Grading example of spectral domain optical coherence tomography based feature. A. Infrared reflectance image with 22 vessels labeled. B. Optical coherence tomography circular scan centred at the optic disc. Retinal arteries (red arrows) and retinal veins (white arrows) were correctly classified based on the lower border reflectivity feature. Vessel No. 5 was classified incorrectly. Note: The image for each vessel is preferably assessed without magnification.

Figure 3

Cases not applicable for grading of lower border reflectivity feature seen on spectral domain optical coherence tomography. A-C: Red arrows: Small vessels without differentiable lower border reflectivity. D-G: White arrows: Vessels with lower border right at the boundary of hyperreflective and hyporeflective retinal layers.

Statistical analysis

Kappa values were used to assess the inter-grader agreement for vessel types obtained by IR and/or FA.

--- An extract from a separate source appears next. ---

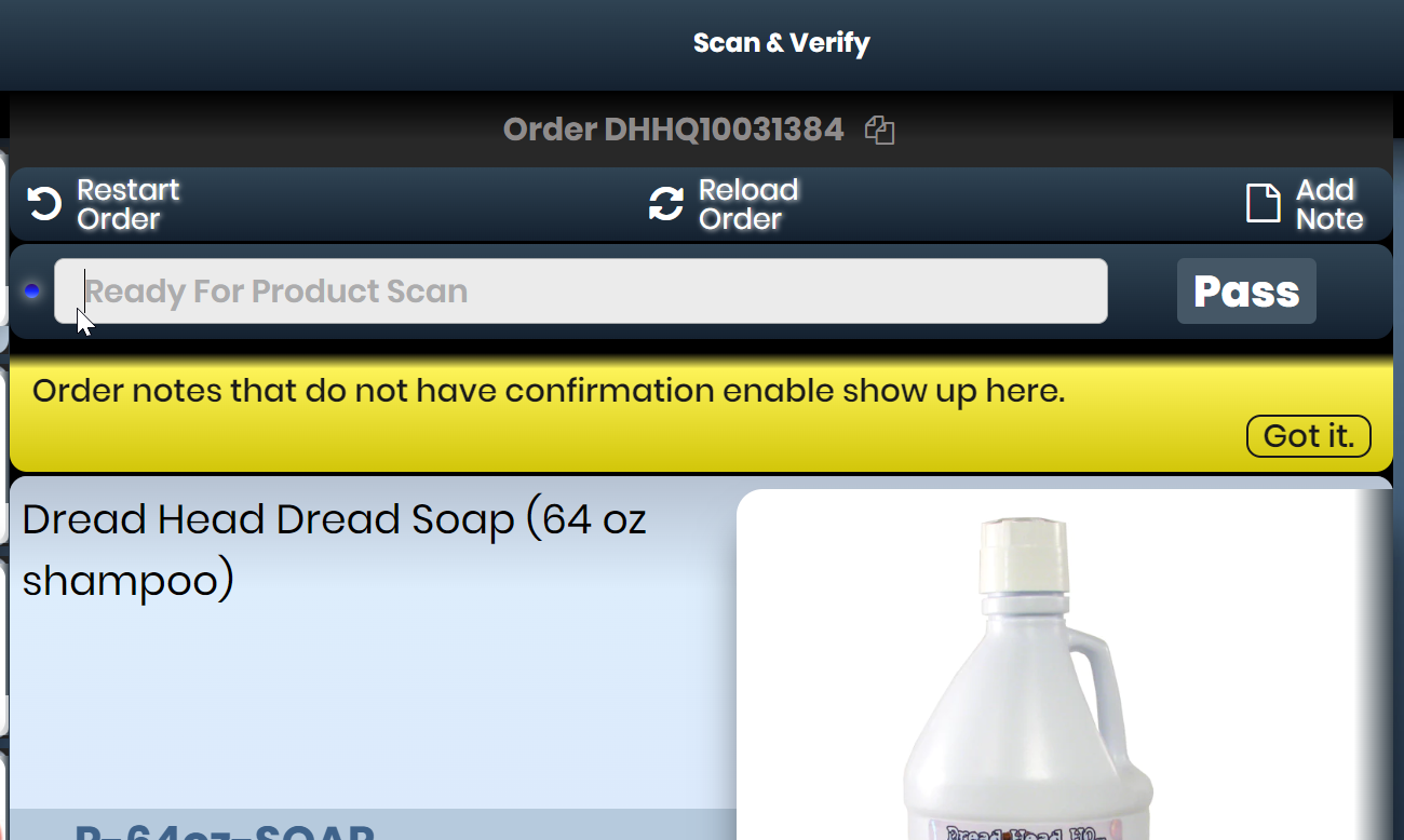 Rather than writing a note on the packing slip this notes can be delivered with a digital sticky note during the scanning of the order. It's also possible to require a confirmation step so that the user can confirm they have seen mission-critical notes.

OCT based features were considered corresponding to vessel types as follows: presence and absence of HLBRF was seen indicative for arteries and veins, respectively. When using vessel type as determined by the maximum finding from both FA and IR as ground truth, the criteria for evaluating classification performance for arteries were assessed in two ways: 1) unclassified vessels included: for all 308 vessels included in the study, considering the HLBRF as an indication of arteries, and absence of this feature (including “N” and “NA” for hyper reflectivity in the lower vessel contour) as negative result; 2) unclassified vessels excluded: only cases with gradable HLBRF were considered. Similar methods were used for veins. Then the classification performance was evaluated. For example from Figure 4, the classification performance of arteries (unclassified vessels included) was calculated as below:

$$\begin{array}{l}\mathit{Sensitivity}=\mathit{True}\mathit{Positive}/\left(\mathit{True}\mathit{Positive}+\mathit{False}\mathit{Negative}\right)\\ =\mathit{a}/\left[\mathit{a}+\left(\mathit{c}+\mathit{e}\right)\right],\end{array}$$

$$\begin{array}{l}\mathit{Specificity}=\mathit{True}\mathit{Negative}/\left(\mathit{True}\mathit{Negative}+\mathit{False}\mathit{Positive}\right)\\ =\left(\mathit{d}+\mathit{f}\right)/\left[\left(\mathit{d}+\mathit{f}\right)+\mathit{b}\right]\end{array}$$

$$\begin{array}{l}\mathit{PPV}=\mathit{True}\mathit{Positive}/\left(\mathit{True}\mathit{Positive}+\mathit{False}\mathit{Positive}\right)\\ =\mathit{a}/\left(\mathit{a}+\mathit{b}\right),\end{array}$$

$$\begin{array}{l}\mathit{NPV}=\mathit{True}\mathit{Negative}/\left(\mathit{True}\mathit{Negative}+\mathit{False}\mathit{Negative}\right)\\ =\left(\mathit{d}+\mathit{f}\right)/\left[\left(\mathit{d}+\mathit{f}\right)+\left(\mathit{c}+\mathit{e}\right)\right],\end{array}$$

$$\mathit{Positive}\mathit{Likelihood}\mathit{Ratio}=\mathit{Sensitivity}/\left(1-\mathit{specificity}\right),$$

$$\mathit{Negative}\mathit{Likelihood}\mathit{Ratio}=\left(1-\mathit{Sensitivity}\right)/\mathit{specificity},$$

$$\begin{array}{l}\mathit{Classification}\mathit{Accuracy}=\left(\mathit{True}\mathit{Positive}+\mathit{True}\mathit{Negative}\right)/\\ \left(\mathit{True}\mathit{Positive}+\mathit{True}\mathit{Negative}+\right.\\ \left.\mathit{False}\mathit{Positive}+\mathit{False}\mathit{Negative}\right)\\ =\left[\mathit{a}+\left(\mathit{d}+\mathit{f}\right)\right]/\left[\mathit{a}+\left(\mathit{d}+\mathit{f}\right)+\mathit{b}\right.\\ +\left(\mathit{c}+\mathit{e}\right)],\end{array}$$

$$\mathit{False}\mathit{positive}\mathit{rate}=1-\mathit{Specificity}$$

$$\begin{array}{l}\mathit{Classification}\mathit{Error}\mathit{rate}=\left(\mathit{False}\mathit{Positive}+\mathit{False}\mathit{Negative}\right)/\\ \left(\mathit{True}\mathit{Positive}+\mathit{True}\mathit{Negative}+\right.\\ \left.\mathit{False}\mathit{Positive}+\mathit{False}\mathit{Negative}\right)\\ =\left[\mathit{b}+\left(\mathit{c}+\mathit{e}\right)\right]/\left[\mathit{a}+\left(\mathit{d}+\mathit{f}\right)+\mathit{b}+\right.\\ \left(\mathit{c}+\mathit{e}\right)]\end{array}$$

Figure 4

Example of vessel type classification used for evaluation of classification performance determined by OCT and ground truth. It demonstrates how we arrived at the numbers used to calculate sensitivity, specificity and other parameters mentioned in the methods from the original numbers (A) based on inclusion (B) or exclusion (C) of non-classified vessels.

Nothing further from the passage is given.